Figure 2: Internals of DataPelago’s Universal Data Processing Engine (UDPE)
The UDPE is composed of three components that integrate within an existing data processing stack to provide maximum acceleration and cost savings with no disruption or changes. These components are implemented as pluggable extensions to the data processing stack, simplifying the insertion and operation of acceleration.
- DataApp extends the planning layer of common data processing engines such as Spark and Trino. DataApp transforms the physical plans generated by the parsing and optimization layers of these engines to a uniform intermediate representation (IR). This common IR is forwarded to the second component, DataOS.
- DataOS is responsible for efficiently executing concurrent tasks, each defined by its IR plan, by optimizing resource allocation and scheduling to best exploit the cost-performance characteristic of available heterogeneous computing elements. DataOS dynamically assigns individual data operations to specific computing elements by analyzing the efficiency of processing each individual operation on each element.
- DataVM is a virtual machine with a programmable instruction set architecture (ISA) designed for data processing on heterogeneous acceleration hardware including CPU, GPU, and FPGA. Data operations expressed in the IR are translated to a program of instructions in this industry-first domain-specific ISA by the DataOS.

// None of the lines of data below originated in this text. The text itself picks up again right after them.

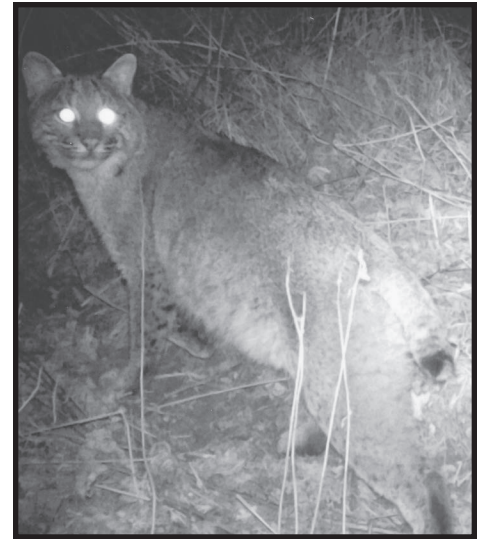
Bobcat in the dark
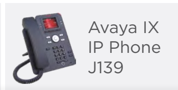
Avaya IX IP Phone J139
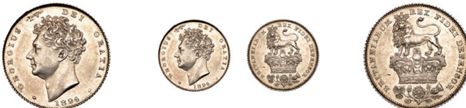
231 Proof Sixpence, 1826, type 3, edge grained, 2.83g/6h (ESC 2435; S 3815). Cleaned, some minor marks, otherwise extremely fine £300-£400
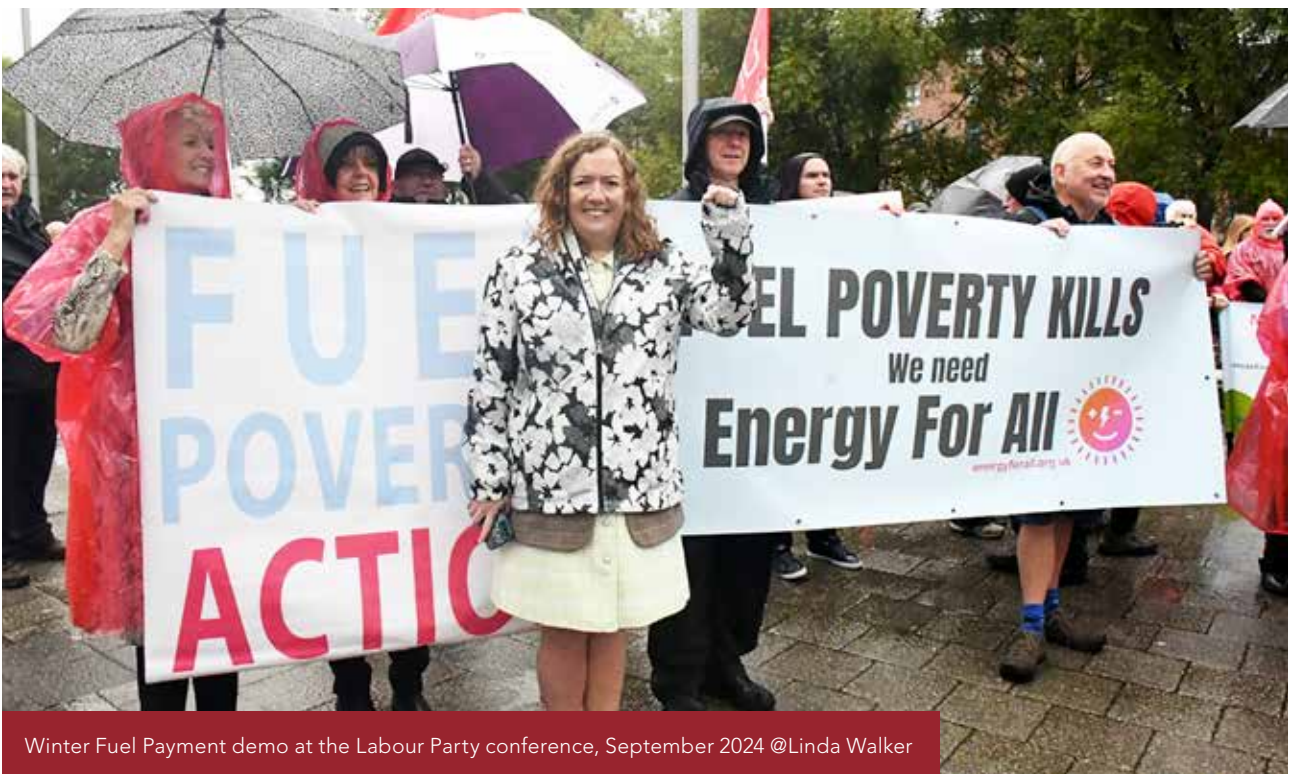
Winter Fuel Payment demo at the Labour Party conference, September 2024
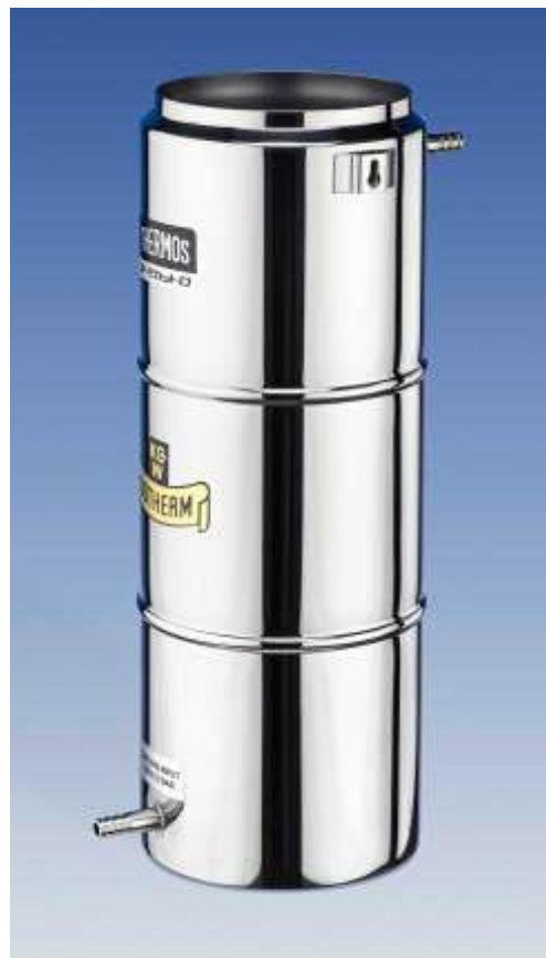
Tempering beaker type TSS-G
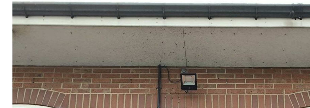
Common appearance / condition of Fascias, Soffits, Gutters
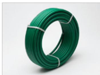
Green - Water Pipe Coil
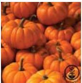
PUMPKIN, Jack Be Little (Cucurbita pepo)
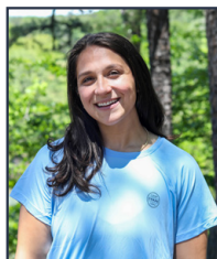
ANNA SCOTT Bistro
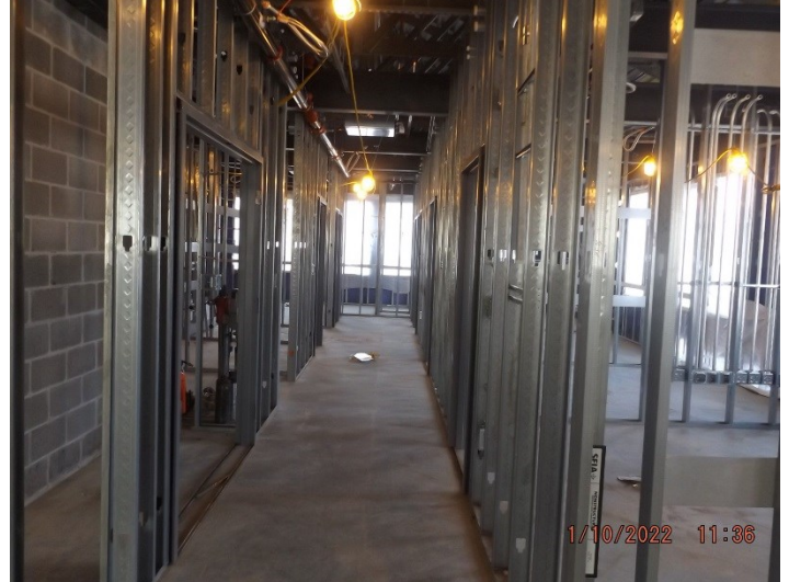
Photo depicts the progress of the third floor framing, fire protection, electrical and HVAC

DataVM executes these instructions by generating / compiling code and invoking software and/or hardware devices for the applicable computing element — CPU, GPU, or FPGA. Through these pluggable components, UDPE fundamentally enables data processing stacks to transparently execute on diverse accelerated hardware.
Adopting UDPE does not mandate any changes to the user experience. Users can continue to launch ETL jobs from a workflow engine, issue interactive queries from notebook clients, refresh dashboards with programmatic API calls, etc. as they normally do. Likewise, data platform operators can continue to use their existing tools to manage and govern the usage of data platform clusters.

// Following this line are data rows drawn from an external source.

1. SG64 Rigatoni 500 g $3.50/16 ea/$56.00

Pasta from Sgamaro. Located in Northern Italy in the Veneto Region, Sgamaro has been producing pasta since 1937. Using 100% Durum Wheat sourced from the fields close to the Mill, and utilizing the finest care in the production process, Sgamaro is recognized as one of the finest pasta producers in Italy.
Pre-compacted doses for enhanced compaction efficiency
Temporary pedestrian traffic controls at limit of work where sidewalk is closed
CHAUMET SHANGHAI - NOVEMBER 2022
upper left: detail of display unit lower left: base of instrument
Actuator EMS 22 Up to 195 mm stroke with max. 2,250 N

DataPelago’s UDPE can be adopted by customers wherever they run their existing data processing platform and in their preferred deployment model. This allows customers to comply with their existing infosec security policies. The UDPE can be operated inside the customer’s account with their hyperscale cloud provider, where it runs as an integrated sidecar alongside managed Spark / Trino, etc. clusters. The UDPE supports virtual machine and container-based deployments. DataPelago UDPE can also be equivalently adopted for on-premises deployment.
Conclusion
The evolution of inference computing has demonstrated that smaller, domain-specific models can deliver more accurate results than their larger counterparts, which traditionally demanded substantial infrastructure. This shift is democratizing AI, leading to a significant increase in the adoption of generative AI workloads. Consequently, there’s a growing need to efficiently utilize a diverse array of hardware, including CPUs, GPUs, and FPGAs.
While AI cloud factories equipped with numerous advanced GPUs are rapidly emerging to meet the demands of new AI workloads, UDPE’s guiding principle is to efficiently handle these novel AI tasks. Simultaneously, it aims to enhance the performance of essential organizational analytics, including business intelligence (BI) dashboards, reports, data products, and data transformation processes for both BI and AI applications.
In response, the Universal Data Processing Engine (UDPE) offers data teams robust options to accelerate compute-intensive data and AI workloads, while providing vendor independence. Recognizing that existing data infrastructures were primarily designed for batch processing with relatively modest data volumes and scalability requirements, it’s imperative to rethink these architectures. However, this transformation must be executed seamlessly to avoid disrupting business users.
By integrating UDPE into their operations, organizations can achieve a balanced and efficient approach to managing both cutting-edge AI workloads and traditional data processing tasks, ensuring optimal performance across all facets of their data strategy.